Table 1. Algorithm Maturity Definitions for S-NPP/JPSS-1 SDR/EDR Products.
Table 1. Algorithm Maturity Definitions for S-NPP/JPSS-1 SDR/EDR Products.
● Beta
Product is minimally validated, and may still contain significant identified and unidentified errors.
Information/data from validation efforts can be used to make initial qualitative or very limited quantitative assessments regarding product fitness-for-purpose.
Documentation of product performance and identified product performance anomalies, including recommended remediation strategies, exists.
● Provisional
Product performance has been demonstrated through analysis of a large, but still limited (i.e., not necessarily globally or seasonally representative) number of independent measurements obtained from selected locations, time periods, or field campaign efforts.
Product analyses are sufficient for qualitative, and limited quantitative, determination of product fitness-for-purpose.
Documentation of product performance, testing involving product fixes, identified product performance anomalies, including recommended remediation strategies, exists.
Product is recommended for potential operational use (user decision) and in scientific publications after consulting product status documents.
● Validated
Product performance has been demonstrated over a large and wide range of representative conditions (i.e., global, seasonal).
Comprehensive documentation of product performance exists that includes all known product anomalies and their recommended remediation strategies for a full range of retrieval conditions and severity level.
Product analyses are sufficient for full qualitative and quantitative determination of product fitness-for-purpose.
Product is ready for operational use based on documented validation findings and user feedback.
Product validation, quality assurance, and algorithm stewardship continue through the lifetime of the instrument.

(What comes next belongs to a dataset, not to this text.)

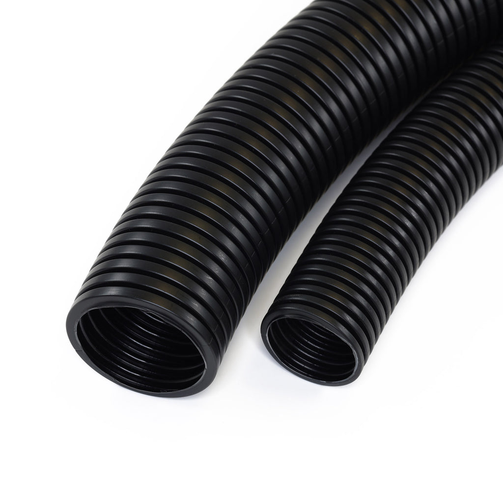 Flexibele zwarte polypropyleen beschermslang voor het bundelen en beschermen van kabels. Ideaal voor kabelassemblages, bedrading onder vloeren en algemene kabelopruiming. / Materiaal: Polypropyleen / Inwendige diameter: 6,5 mm - 35 mm / Uitwendige diameter: 9 mm - 40 mm / Werktemperatuur: -40°C tot 135°C / Kleur: Zwart / Rollengte: 25 m -100 m / Dikte: 0,25 mm - 0,35 mm / Vlamvertragend / RoHS-conform

4.2. Cal/Val Review Process

The JSTAR team facilitates the Cal/Val maturity review process for all of the xDR products. Each product’s Cal/Val maturity status is determined by evaluating the algorithm performance with the truth data sets and comparing the performance with the requirements. The review panel is comprised of the JPSS Program and Project Scientists, NOAA customers (National Weather Service, NWS; National Ocean Service, NOS; National Marine Fisheries Services, NMFS; Office of Oceanic and Atmospheric Research, OAR) and external users, Low-earth Orbiting Working Group (LORWG) advisors, product development managers (NDE and IDPS), and the JSTAR program manager. Following the Cal/Val maturity science reviews presented by the Cal/Val teams, the review board assesses the product performance and makes an overall assessment of each algorithm and approves the maturity status according to the criteria for Beta, Provisional, and Validated Maturity (Table 1). Based on the assessment, the review panel may also recommend further actions to the respective Cal/Val teams to achieve the desired product maturity status.

4.3. Quality Assurance

To ensure efficient research-to-operations transitions for science product algorithm updates, the JSTAR Program has implemented Quality Assurance (QA) procedures. The QA procedures include coordination activities between the algorithm teams on Cal/Val activities, supporting the algorithm change process (ACP), identifying potential shortfalls (risks) and mitigation, Configuration Management (CM) for documentation, schedules and milestones, and Earned Value Management (EVM). The J-STAR QA also facilitates technical reviews and coordination among STAR Cal/Val teams and the AIT to bring consistency to algorithm development and the delivery processes for operations. As part of the quality assurance and users engagement, JSTAR also developed a website [24] that provides detailed information on the JPSS instruments, science data products and documents, product maturity status, long-term validation and science monitoring of SDR/EDR products.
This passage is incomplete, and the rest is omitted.